You can import your vet records and make a category for that. A category is a way to sort, so five years from now when memory fades, you can find that previous incident with your previous vet. Add information about supplements that you don’t need yet. Keep links to bitless bridles and a record of saddle fitting sessions. All the boring things that you’ll wish you had later.
Keep a record of riding lessons and clinics you attend. Writing them out is like getting two for the price of one. Add a list of goals for the season, and the year. Define your vision and map a path ahead. You might add a photo of your trainer, she never forgets you. Write about trail rides and show experiences. Post photos of your friends and their horses. These are precious times, more valuable in hindsight.
Finally, most importantly, that dorky gratitude journal. Take a moment at the end of the day and say thank you. How would it impact the relationship you have with your horse in the saddle, if this was how you ended your day?
Since beginning to give writing workshops to riders as an add-on to clinics, I’m been so inspired by the writing people share. I am convinced our words matter, now more than ever.
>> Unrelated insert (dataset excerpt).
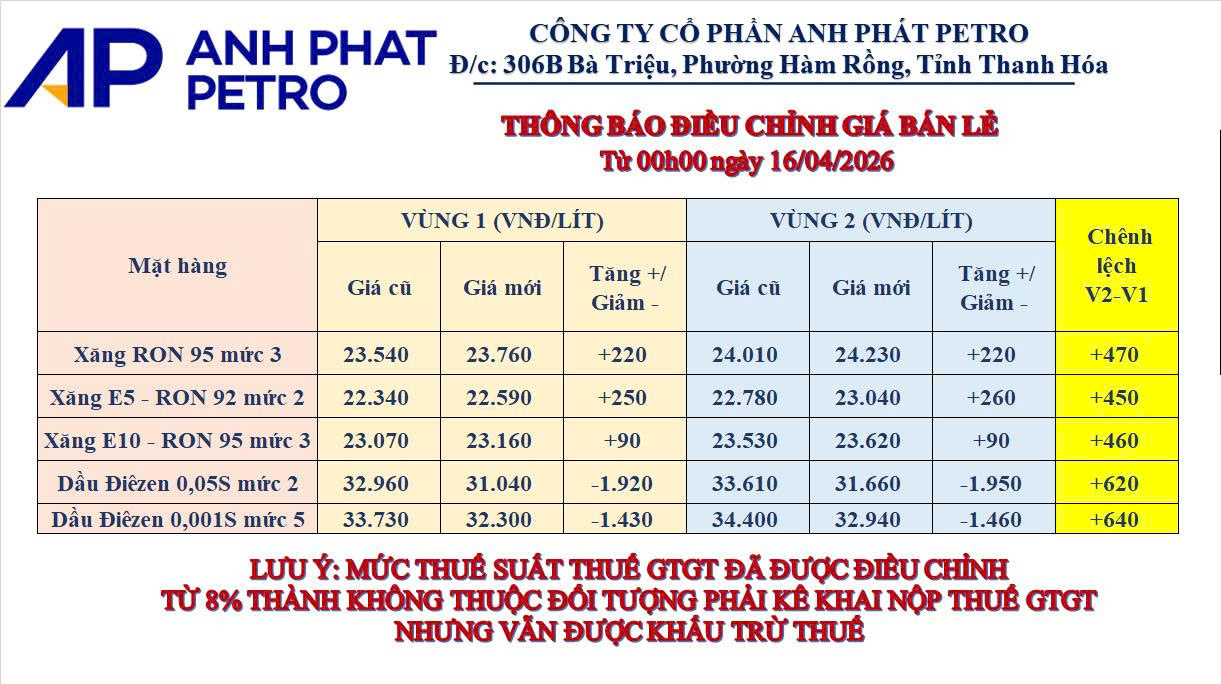 Minh bạch xăng dầu, Tin tức Điều chỉnh giá xăng dầu từ 00 giờ 00 phút ngày 16.04.2026 Kính gửi: Quý khách hàng CÔNG TY CP ANH PHÁT PETRO Trân trọng thông báo: Từ 00h00 ngày 16.04.2026 điều chỉnh giá bán lẻ các mặt hàng xăng dầu (chi tiết theo bảng đính kèm)

There’s a reason teachers used to have students copy a sentence a hundred times on the chalkboard. All these years later, I think I have learned almost as much from this blog as I have from horses. The practice of writing has deepened my understanding profoundly.
Besides, it’s how you and I met.
I’m not suggesting a New Year resolution or that you ever need to go public. I’m just saying that a word at a time, month after month, is a way to be in the barn with your horse when you aren’t. It’s another expression of the passion that drives us all, and you can store that up for a time you need it, an investment of the best kind.
All horse stories are the same. We get the wrong horse. We find a way to build a relationship in the old-fashioned way, a little bit at a time. Then in a blink, years have passed and that hot young thing is an old campaigner. You aren’t who you were either. You’re much better, in ways you never imagined. When the only really bad day with your horse comes and you have to say goodbye, you have the best keepsake. You’ve written the legend of your horse. Forever yours.